Молодой человек раздраженно насупил брови.

— Абсурд. Но нет и следов ее наличия. Что тут ни говори, картина остается неизменной.

— В таком случае, можно предположить двойную рефракцию лишь в изотропной среде… Что за бессмыслица!

— Действительно, полная ерунда! — согласился Жорж.

Лангр с досады шваркнул об стол линзой, злобно сверкнувшей, как зрачок хищного зверя, и схватил турмалиновую пластину. Результат оказался ошеломляющим. На лице маститого старца отразилась полная растерянность:

— Выходит, лучи преломляются дважды! — выдохнул ученый, потрясенно воздев руки к небесам.

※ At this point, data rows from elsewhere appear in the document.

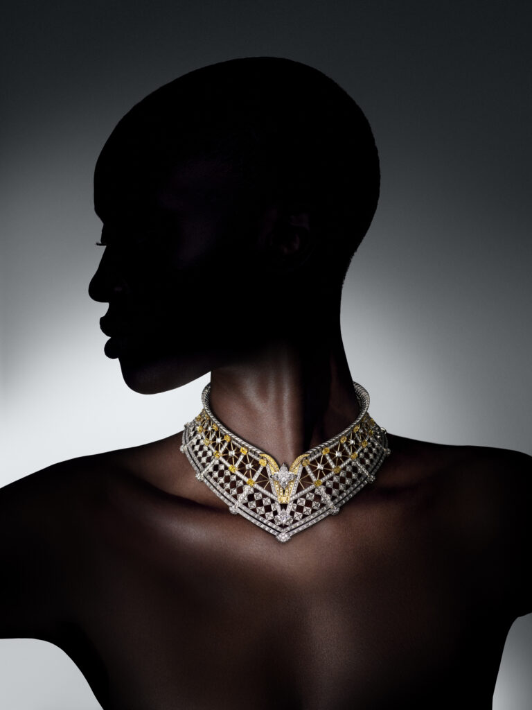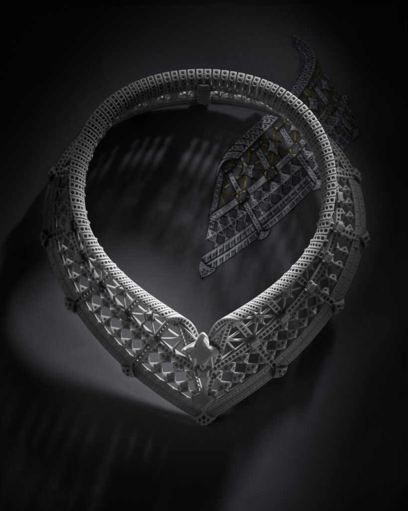 - Victoire : l’apogée de la collection, avec un collier architectural en hommage à la Tour Eiffel, nécessitant plus de 3 923 heures de travail et mettant en scène deux diamants LV Monogram Star de 10,43 et 3,08 carats.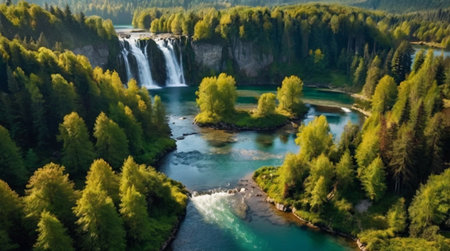 Top view of a North American waterfall cascading into a quiet river, with copy space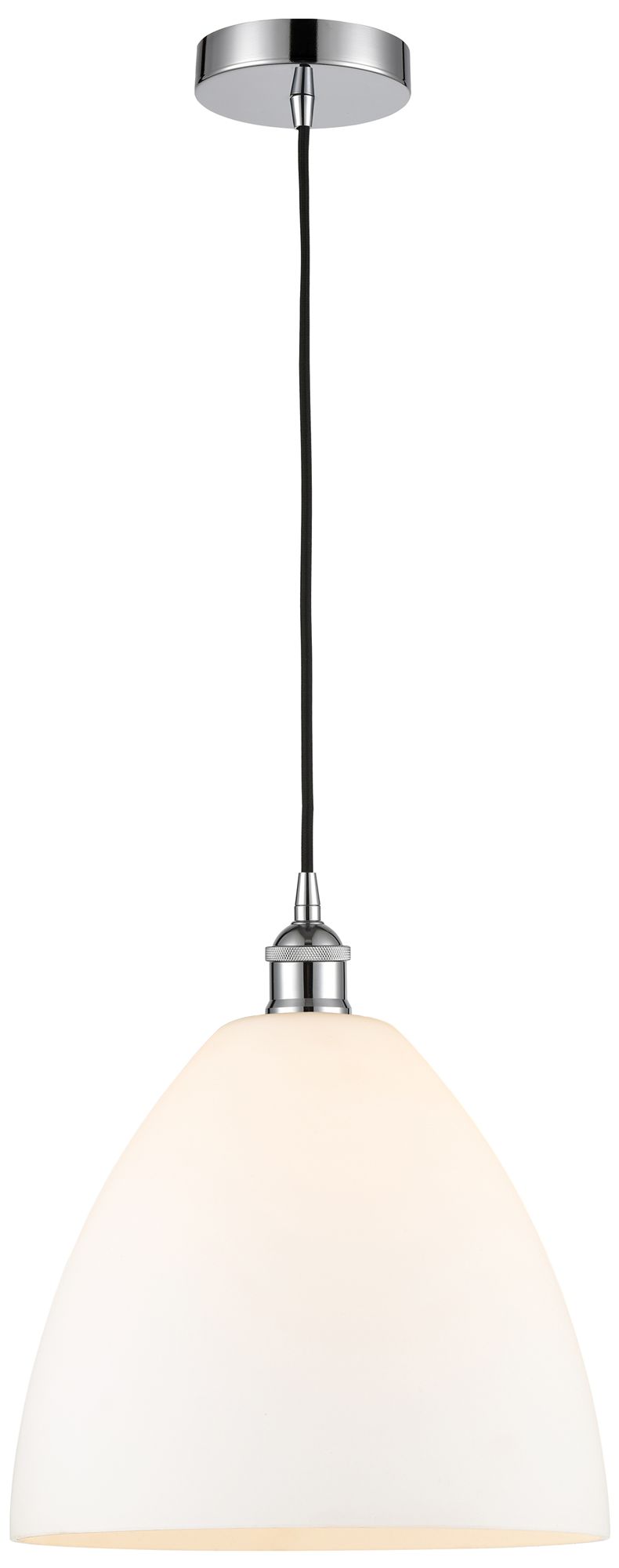 Edison Dome 12" Polished Chrome Cord Hung Mini Pendant w/ Matte White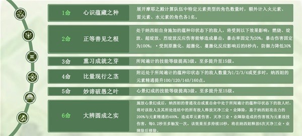 4命时根据蕴种印连接敌人的数量,提升纳西妲自身的元素精通。4命在一定程度上缓解了纳西妲的圣遗物压力,不过性价比不是很高,不推荐为了4命抽4命。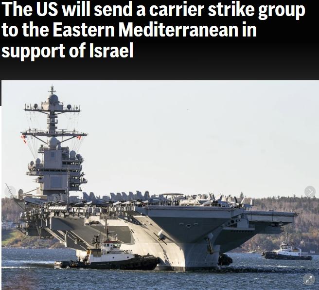 據(jù)美聯(lián)社報(bào)道,當(dāng)天,美國(guó)國(guó)防部長(zhǎng)奧斯汀發(fā)表聲明稱,他下令“杰拉爾德·R·福特”號(hào)航空母艦戰(zhàn)斗群移至更靠近以色列的東地中海,包括一艘航空母艦、一艘導(dǎo)彈巡洋艦和四艘導(dǎo)彈驅(qū)逐艦,以展示武力,準(zhǔn)備應(yīng)對(duì)任何情況,這些情況包括阻止更多武器送達(dá)巴勒斯坦伊斯蘭抵抗運(yùn)動(dòng)(哈馬斯)以及進(jìn)行監(jiān)視。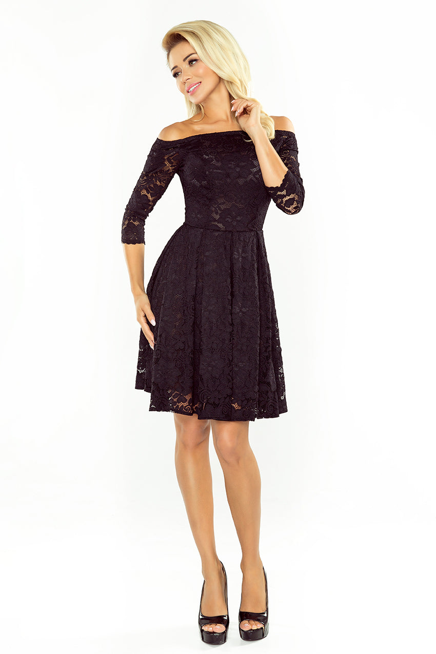 Dress with open arms and 3/4 sleeve. Black lace. Made of thicker material. Polish production. Numoco

Оба исследователя замерли в молчаливом оцепенении; в их головах роились нелепые предположения. Мучительное любопытство и чувство беспричинной тревоги полностью захватили их. Первым пришел в себя Лангр:

— Наше замешательство просто глупо. Проникая сквозь обычное стекло, луч, преломляясь, раздваивается, но турмалиновое вполне могло удвоить эффект и дать четыре изображения. К тому же разница в показателях столь ничтожна, что, пожалуй, с большей вероятностью можно говорить об оптическом обмане. Сетчатка нашего глаза не приспособлена улавливать такие незначительные спектральные изменения. Давайте-ка проверим еще раз…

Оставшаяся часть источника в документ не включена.